2) Le fascisme, c'est le fascisme originel de Mussolini (mouvement d'extrême droite autoritaire rongé par l'égalitarisme ambiant de la société), et pas autre chose (pas le nazisme notamment)
3) Le socialisme anarchiste : C'est la vraie place du communisme français (et espagnol). On peut y mettre les innombrables révolutions de gauche en France, les Gracchus Baboeuf, Louise Michel, Bianquis, etc...
4) Libéral-militarisme : une idéologie de droite maintenant un minimum d'ordre dans une société quasi-anarchiste, mais sans parvenir à vraiment être autoritaire. Par exemple : le bonapartisme (surtout la période dite "libérale" du Second Empire), le boulangisme, le gaullisme.

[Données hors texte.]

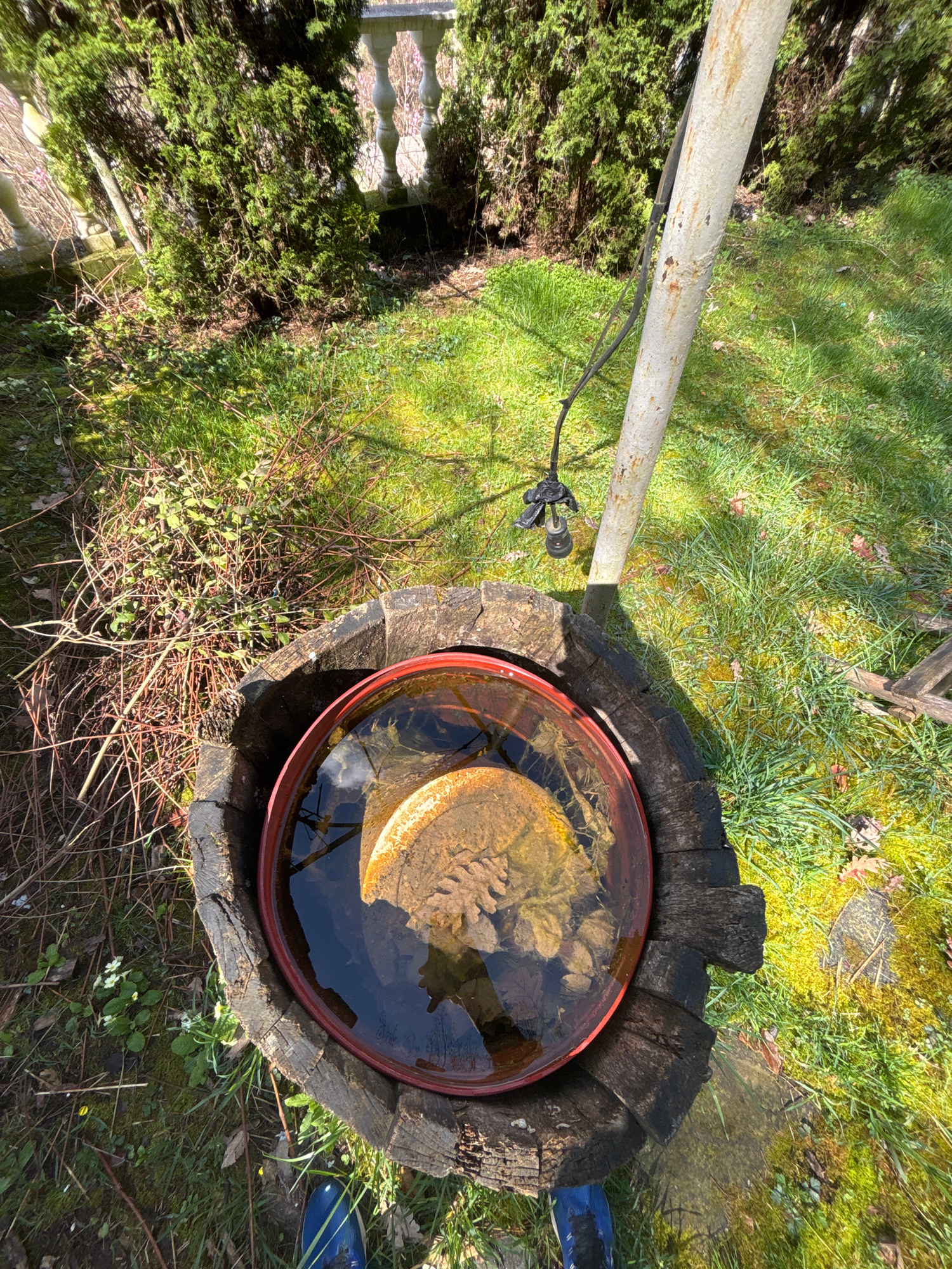 The image shows an outdoor scene, likely in Alamovtsi, Bulgaria, although there is no explicit visual confirmation of the location. The focal point is a makeshift bird bath or water container nestled…read more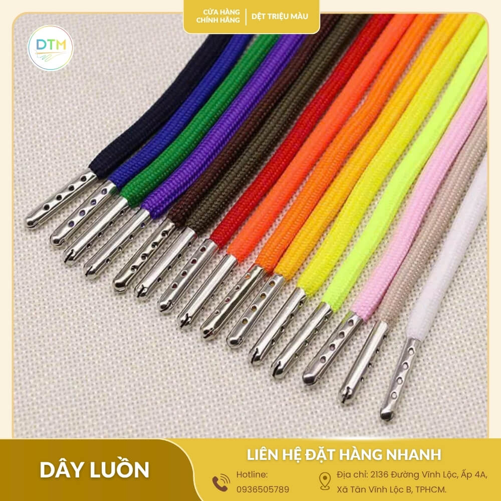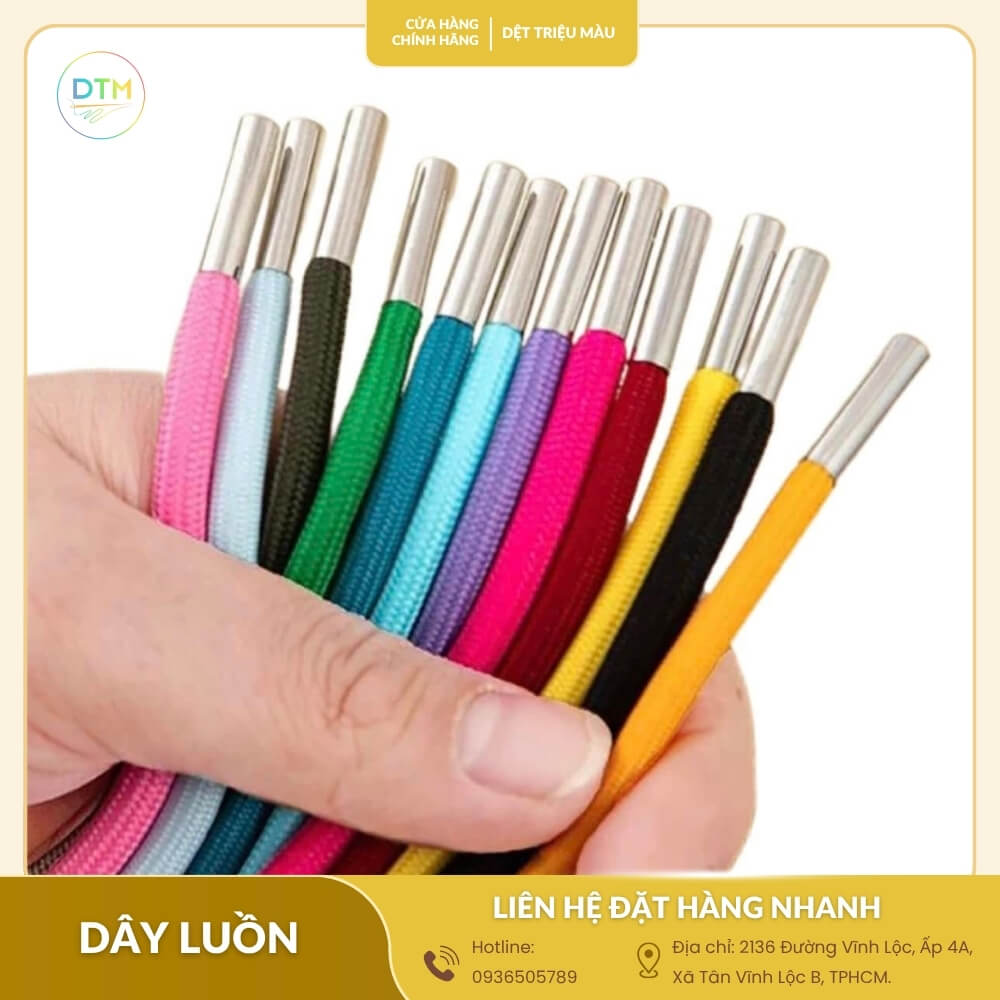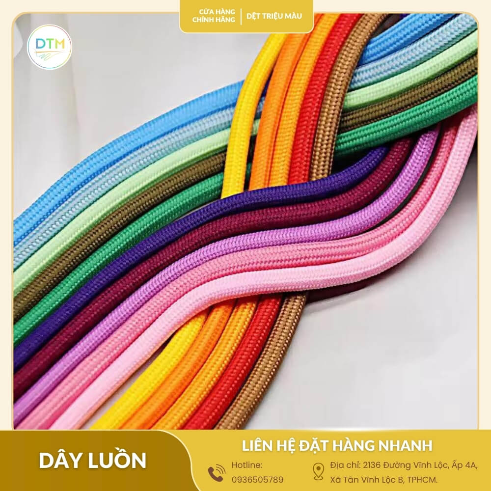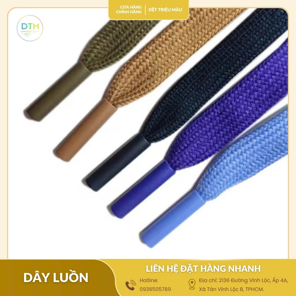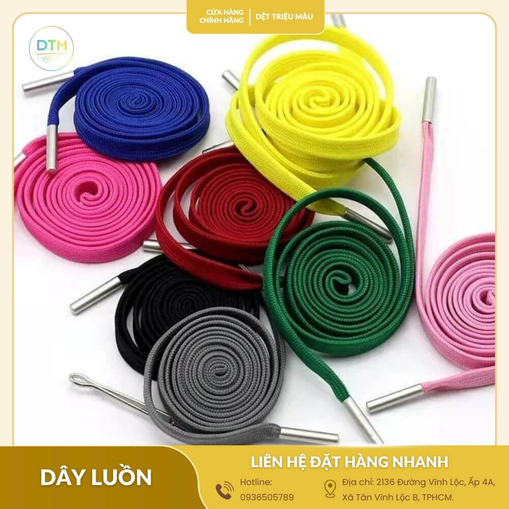 Dệt Triệu Màu – xưởng sản xuất dây luồn giá sỉ tận gốc, đã và đang cung cấp nhiều dòng dây polyester đa dạng phục vụ cho may mặc, giày dép, túi xách, balo, áo hoodie và nhiều sản phẩm thủ công khác.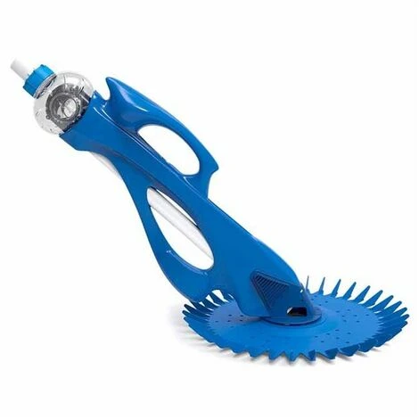 Es funktioniert durch Saugen und benötigt keinen Stromanschluss, da es die Saugleistung der Kläranlage des Schwimmbeckens nutzt.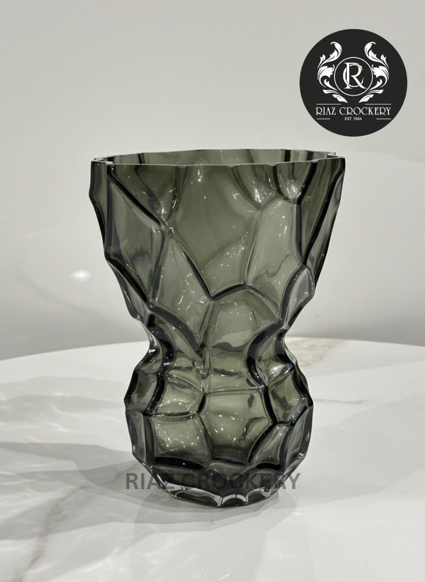 This unique vase is more than just a vase – it's a cool piece of art for your home! It's made from dark, smoky black glass and has a really interesting bumpy, crumpled shape that makes it stand out. It looks great whether you put a few bold flowers in it or just let it sit by itself as a special decoration. It will add a modern and striking touch to any room.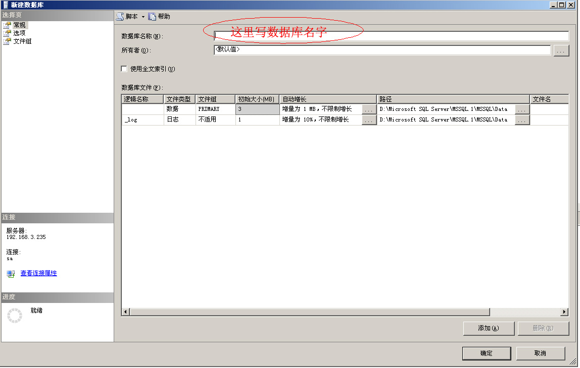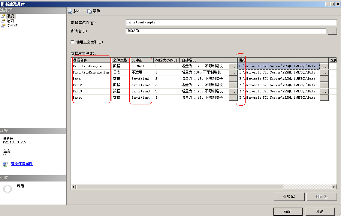 看到用紅色框框起來的地方?jīng)]?上一步中建立的文件組在這里就用上了。再看后面的路徑,我把每一個文件都單獨(dú)放在不同的磁盤上,而且最好都是單獨(dú)的放在不同的物理盤上,這樣會大大提高數(shù)據(jù)的性能。 點(diǎn)擊“確定”數(shù)據(jù)庫就算創(chuàng)建完成了。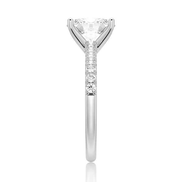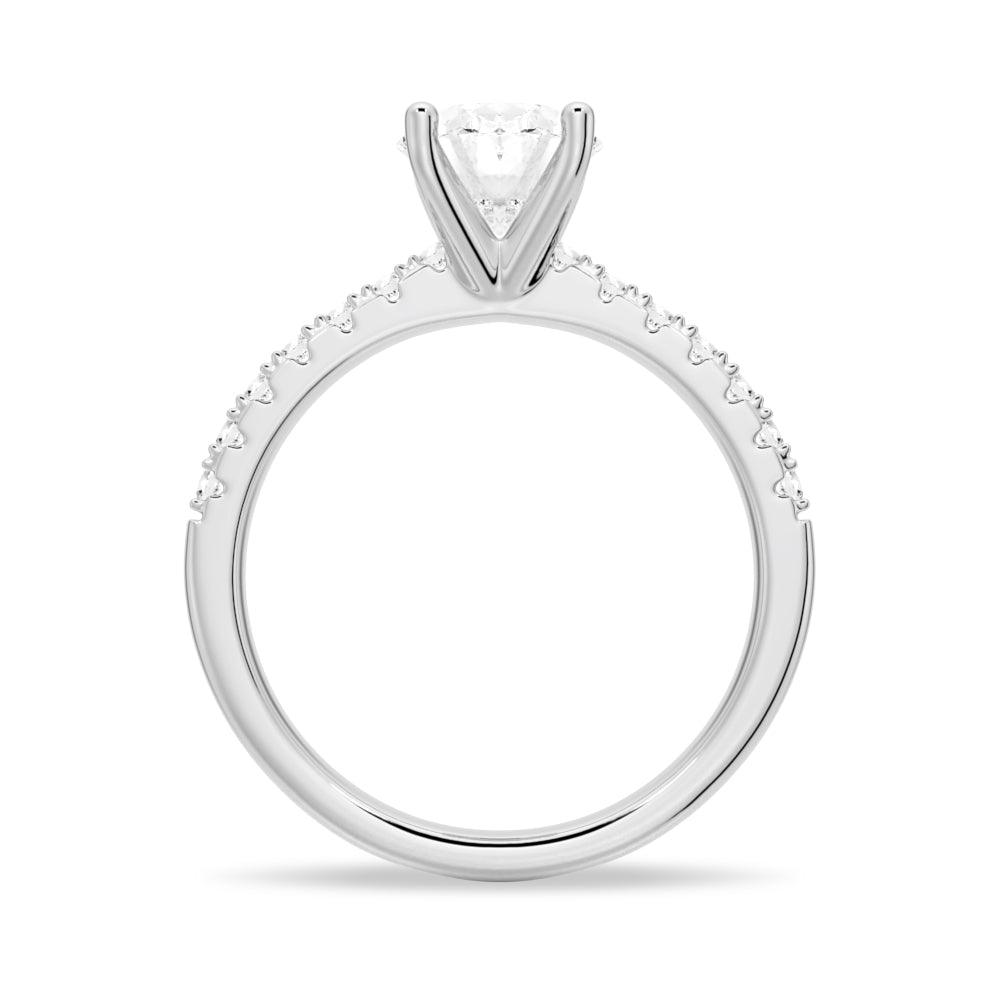 This ring combines the sophistication of the oval-shaped moissanite with the subtle sparkle of petite micropavé detailing. Crafted with precision and attention to detail, the petite micropavé setting along the band adds a touch of brilliance, enhancing the overall charm of the ring. The oval-shaped moissanite, known for its timeless and elongated silhouette, takes center stage, radiating a captivating sparkle.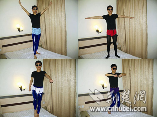 荆楚网消息 (楚天都市报) (记者黄珍)腿上裹着连裤黑丝袜或蓝色亮面紧身裤,内裤当成外衣穿……男孩小强(化名)打扮成这副模样,站在宾馆的床上做体操,并将这些雷人照片传到网上(如下图)。“现在流行伪娘,为了吸引眼球,我豁出去了。”小强在帖子中这样解释自己的异行。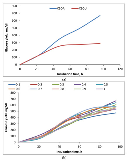 For studying the influence of the enzyme dosage on the glucose production yield, we conducted enzymatic saccharification experiments using the identical amounts of 1:25 g solid substrate/mL sodium acetate buffer at 50 °C and shaking speed 100 rpm with different enzyme dosages as shown in Figure 6b. The substrate used to perform these experiments was CS treated with oxalic acid 2% and autoclave at 120 °C for 1 h with 1:20 solid to liquid ratio. It is clear from the data that glucose production yield increased with the increase in enzyme dosage up to 0.4 g to reach 546.5 mg/dL, then decreased until 0.6 g. Increasing the enzyme dosage to 0.7 g increased the glucose yield again to 528 mg/dL. After that, they the enzyme dosage grew from 0.7 to 1 g and did not significantly increase the glucose production yield. Hence, it can be decided to use 0.4 g of the enzyme dosage for further experiments.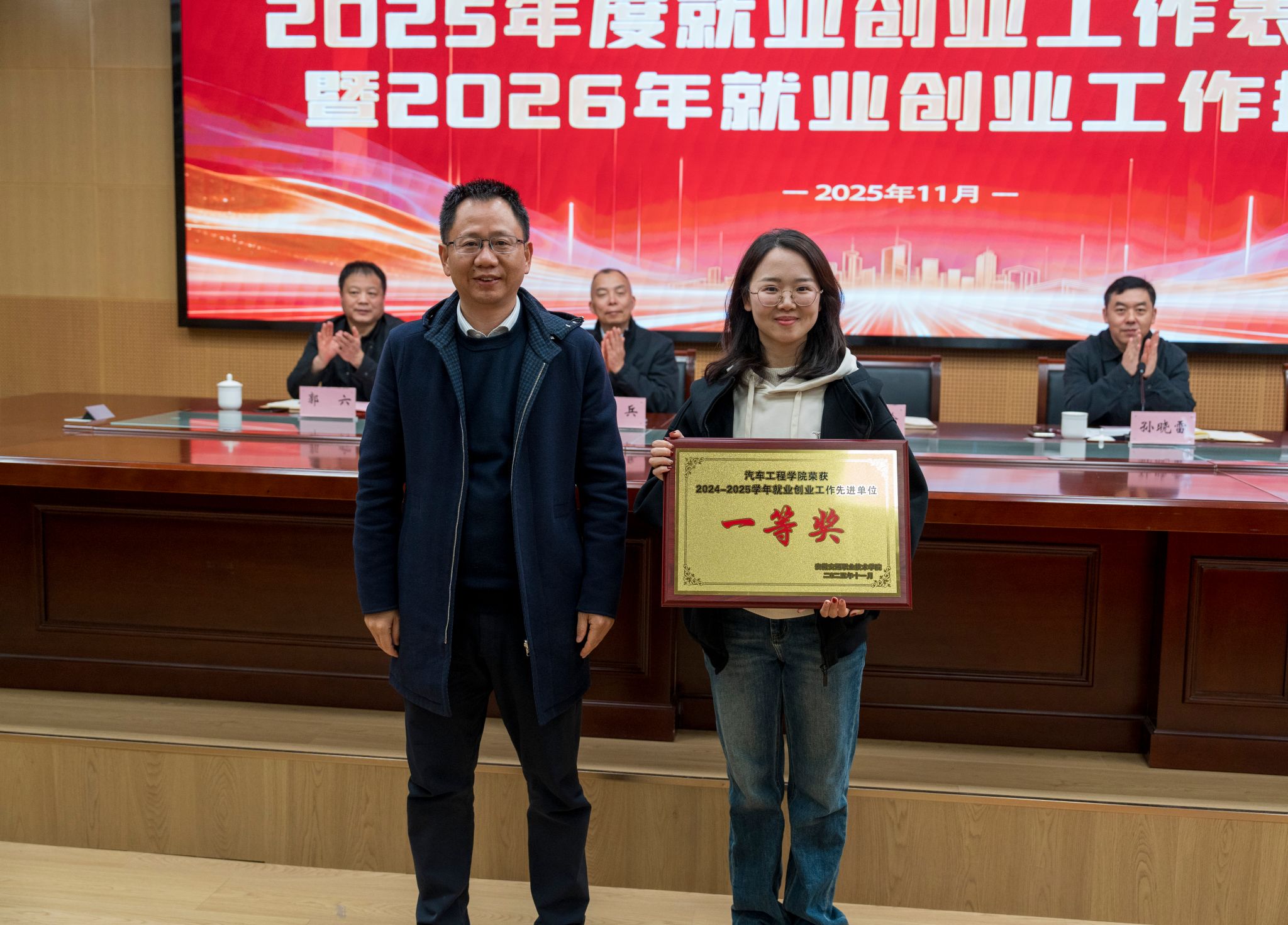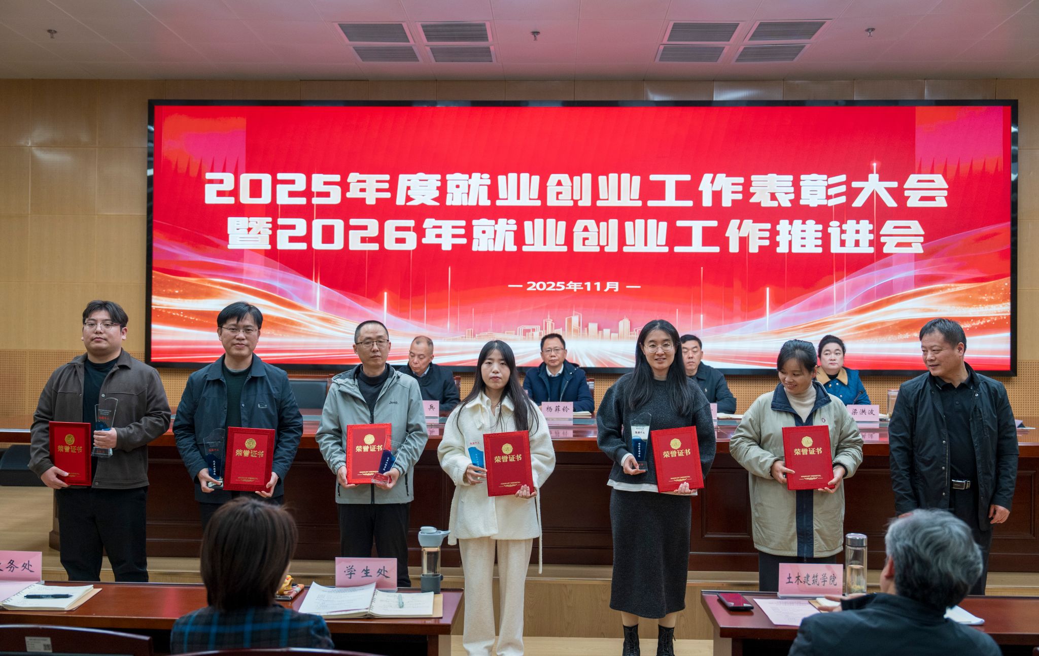 校领导为就业创业工作先进个人代表和就业工作先进集体颁发了荣誉证书

5) Ethnocentrisme : ça peut prendre divers formes. Dans un pays petit ou dominé (Suisse, Japon), c'est une conscience aigüe de soi-même associée à une neutralité défensive et bienveillante. En France où l'ethnocentrisme est dominé politiquement, c'est une vieille droite conservatrice qui désespère de son propre pays, avec des penseurs comme Maurras qui regrettent le manque de discipline et l'"égalitarisme" de la société. Dans certaines circonstances très exceptionnelles, ça peut être un ethnocentrisme aggressif, comme le nazisme ou le militarisme japonais.
6) Libéral-isolationnisme : L'Angleterre victorienne, par exemple, ou bien la position traditionnelle des Etats Unis.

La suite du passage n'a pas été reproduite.